> **TASK OBJECTIVE**:
Please restate each line of the data below exactly. Omit all images.

Top of MATERIAL FOR THIS TASK

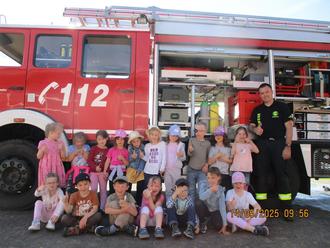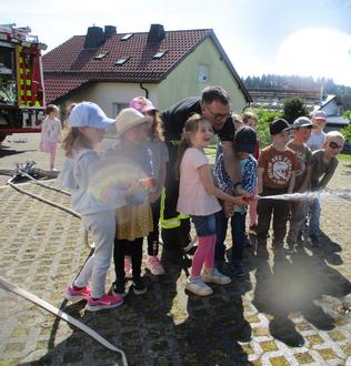 Ebenso die Feuerwehr in Uersfeld ließ nicht lange auf sich warten. Bei sonnigem Wetter haben sich die Maxi -Kinder auf den Weg zur Feuerwehrwache in Uersfeld gemacht. Im Hof konnte bereits das große Feuerwehrauto bestaunt werden. Zunächst hat Andreas Schürmann von der Feuerwehr Uersfeld den Kindern wichtige Informationen über die Aufgaben der Feuerwehr erzählt und mit praktischen Beispielen ergänzt. Zum Thema Brandschutz lernten die Kinder wie man einen Notruf absetzt, welche fünf W-Fragen es zu beantworten gilt und wie man bei einem Brand richtig das Haus verlässt. Weiterhin kennen die Kinder nun auch Möglichkeiten auf einen Brand aufmerksam zu werden, durch beispielsweise Rauchmelder und wissen wo sie in der Kita den Notausgang anhand der grünen Notausgangsschilder finden. Auch eine Erzieherin verwandelte sich in eine Feuerwehrfrau und durfte die komplette Feuerwehrkleidung mal Probe tragen. Im Feuerwehrauto gab es eine Menge an Werkzeug zu erkunden, welches teilweise sehr schwer war. Highlight des Besuchs war das Wasserspritzen mit den Schläuchen am Ende des Ausflugs. Hierzu hatte Herr Schürmann verschieden große Schläuche bereitgelegt, welche natürlich alle von den Kindern getestet werden durften.
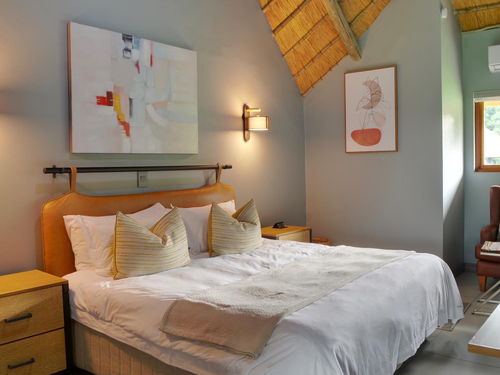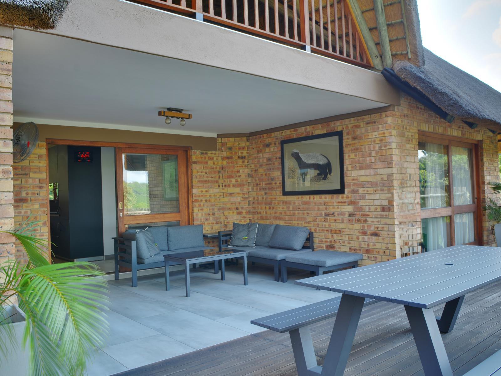 Pangane M Properties @ Kruger Park Lodge is set amidst natural bush, attracting impala and a wide variety of beautiful and unusual bird life. Hippos live in the nearby dam and can be safely viewed at close quarters from the hippo hide. Set on a beautifully landscaped Gary Player-designed golf course along the Sabie River, the lodge provides a serene and picturesque retreat. The Deluxe Holiday Home-571B has 3 bedrooms and 3 bathrooms. The main bedroom is situated upstairs and features a queen bed along with an en-suite bathroom that includes a separate bath and shower for added convenience. The balcony offers stunning views of the surroundings. The second bedroom also includes a queen bed with an en-suite shower for a comfortable stay. The third bedroom provides two single beds and offers access to a private bathroom with a bath. The kitchen is fully equipped with an oven, microwave, fridge and a variety of crockery and cutlery, ensuring that guests have everything they need for meal preparation. The living room is equipped with a TV featuring smart apps such as Netflix, and Disney, allowing for personalised streaming with your sign-in. Meals can be enjoyed either at the dining table or alfresco on the outdoor patio, complete with a built-in BBQ/Braai. The pool area features outdoor seating and offers magnificent views of the surrounding area, providing a serene space to relax and enjoy the natural beauty of Hazyview. Guests can enjoy Wi-Fi throughout the property, ensuring seamless connectivity. Additionally, safe and secure parking is provided, giving you peace of mind during your stay. Pangane M Properties @ Kruger Park Lodge provides a great base for exploring the Kruger National Park, with the Phabeni Gate only ten minutes away.
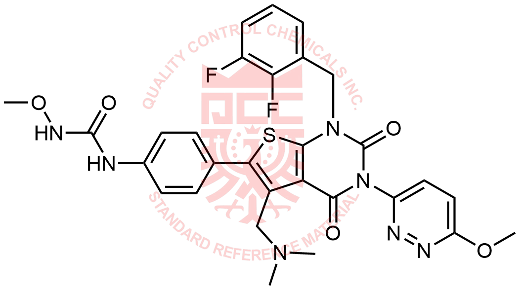 Synonyms: 1-(4-(1-(2,3-difluorobenzyl)-5-((dimethylamino)methyl)-3-(6-methoxypyridazin-3-yl)-2,4-dioxo-1,2,3,4-tetrahydrothieno[2,3-d]pyrimidin-6-yl)phenyl)-3-methoxyurea
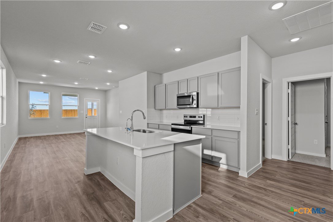 Featuring ample living space spread across a thoughtfully designed single-story floor plan, the Easton at Park Place beckons you inside with a spacious, open great room-perfect for gatherings! The inviting layout also showcases a dining area and spacious kitchen, complete with a center island and a walk-in pantry. The serene primary suite offers a large walk-in closet, as well as an attached bath with dual vanities. A laundry, two additional bedrooms, and a bathroom round out this attractive floor plan. Additional home highlights and upgrades: Oversized lot 36" gray kitchen cabinets, quartz countertops and backsplash Luxury wood-look vinyl plank flooring in common areas Stainless-steel appliances Soft water loop upgrade Additional recessed lighting throughout home Covered patio Garage door opener with two remotes Landscape package with sprinkler system Exceptional included features, such as our Century Home Connect smart home package and more!
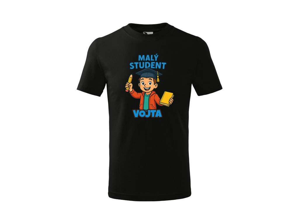 Tričko pro všechny malé školáky, kteří rádi objevují svět, milují knížky a pyšní se každým svým pokrokem. Motiv Malý student s tužkou, knihou a studentskou čepicí dodává tričku hravý a motivující vzhled. Díky možnosti doplnit vlastní jméno se z něj stane opravdu osobní dárek, který dítě nosí s radostí.
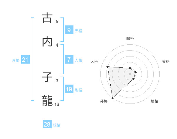 古内 子龍さんの外格は21画の5点!

Bottom of MATERIAL FOR THIS TASK

> **TASK RESPONSE**:
 Ebenso die Feuerwehr in Uersfeld ließ nicht lange auf sich warten. Bei sonnigem Wetter haben sich die Maxi -Kinder auf den Weg zur Feuerwehrwache in Uersfeld gemacht. Im Hof konnte bereits das große Feuerwehrauto bestaunt werden. Zunächst hat Andreas Schürmann von der Feuerwehr Uersfeld den Kindern wichtige Informationen über die Aufgaben der Feuerwehr erzählt und mit praktischen Beispielen ergänzt. Zum Thema Brandschutz lernten die Kinder wie man einen Notruf absetzt, welche fünf W-Fragen es zu beantworten gilt und wie man bei einem Brand richtig das Haus verlässt. Weiterhin kennen die Kinder nun auch Möglichkeiten auf einen Brand aufmerksam zu werden, durch beispielsweise Rauchmelder und wissen wo sie in der Kita den Notausgang anhand der grünen Notausgangsschilder finden. Auch eine Erzieherin verwandelte sich in eine Feuerwehrfrau und durfte die komplette Feuerwehrkleidung mal Probe tragen. Im Feuerwehrauto gab es eine Menge an Werkzeug zu erkunden, welches teilweise sehr schwer war. Highlight des Besuchs war das Wasserspritzen mit den Schläuchen am Ende des Ausflugs. Hierzu hatte Herr Schürmann verschieden große Schläuche bereitgelegt, welche natürlich alle von den Kindern getestet werden durften.
 Pangane M Properties @ Kruger Park Lodge is set amidst natural bush, attracting impala and a wide variety of beautiful and unusual bird life. Hippos live in the nearby dam and can be safely viewed at close quarters from the hippo hide. Set on a beautifully landscaped Gary Player-designed golf course along the Sabie River, the lodge provides a serene and picturesque retreat. The Deluxe Holiday Home-571B has 3 bedrooms and 3 bathrooms. The main bedroom is situated upstairs and features a queen bed along with an en-suite bathroom that includes a separate bath and shower for added convenience. The balcony offers stunning views of the surroundings. The second bedroom also includes a queen bed with an en-suite shower for a comfortable stay. The third bedroom provides two single beds and offers access to a private bathroom with a bath. The kitchen is fully equipped with an oven, microwave, fridge and a variety of crockery and cutlery, ensuring that guests have everything they need for meal preparation. The living room is equipped with a TV featuring smart apps such as Netflix, and Disney, allowing for personalised streaming with your sign-in. Meals can be enjoyed either at the dining table or alfresco on the outdoor patio, complete with a built-in BBQ/Braai. The pool area features outdoor seating and offers magnificent views of the surrounding area, providing a serene space to relax and enjoy the natural beauty of Hazyview. Guests can enjoy Wi-Fi throughout the property, ensuring seamless connectivity. Additionally, safe and secure parking is provided, giving you peace of mind during your stay. Pangane M Properties @ Kruger Park Lodge provides a great base for exploring the Kruger National Park, with the Phabeni Gate only ten minutes away.
 Synonyms: 1-(4-(1-(2,3-difluorobenzyl)-5-((dimethylamino)methyl)-3-(6-methoxypyridazin-3-yl)-2,4-dioxo-1,2,3,4-tetrahydrothieno[2,3-d]pyrimidin-6-yl)phenyl)-3-methoxyurea
 Featuring ample living space spread across a thoughtfully designed single-story floor plan, the Easton at Park Place beckons you inside with a spacious, open great room-perfect for gatherings! The inviting layout also showcases a dining area and spacious kitchen, complete with a center island and a walk-in pantry. The serene primary suite offers a large walk-in closet, as well as an attached bath with dual vanities. A laundry, two additional bedrooms, and a bathroom round out this attractive floor plan. Additional home highlights and upgrades: Oversized lot 36" gray kitchen cabinets, quartz countertops and backsplash Luxury wood-look vinyl plank flooring in common areas Stainless-steel appliances Soft water loop upgrade Additional recessed lighting throughout home Covered patio Garage door opener with two remotes Landscape package with sprinkler system Exceptional included features, such as our Century Home Connect smart home package and more!
 Tričko pro všechny malé školáky, kteří rádi objevují svět, milují knížky a pyšní se každým svým pokrokem. Motiv Malý student s tužkou, knihou a studentskou čepicí dodává tričku hravý a motivující vzhled. Díky možnosti doplnit vlastní jméno se z něj stane opravdu osobní dárek, který dítě nosí s radostí.
 古内 子龍さんの外格は21画の5点!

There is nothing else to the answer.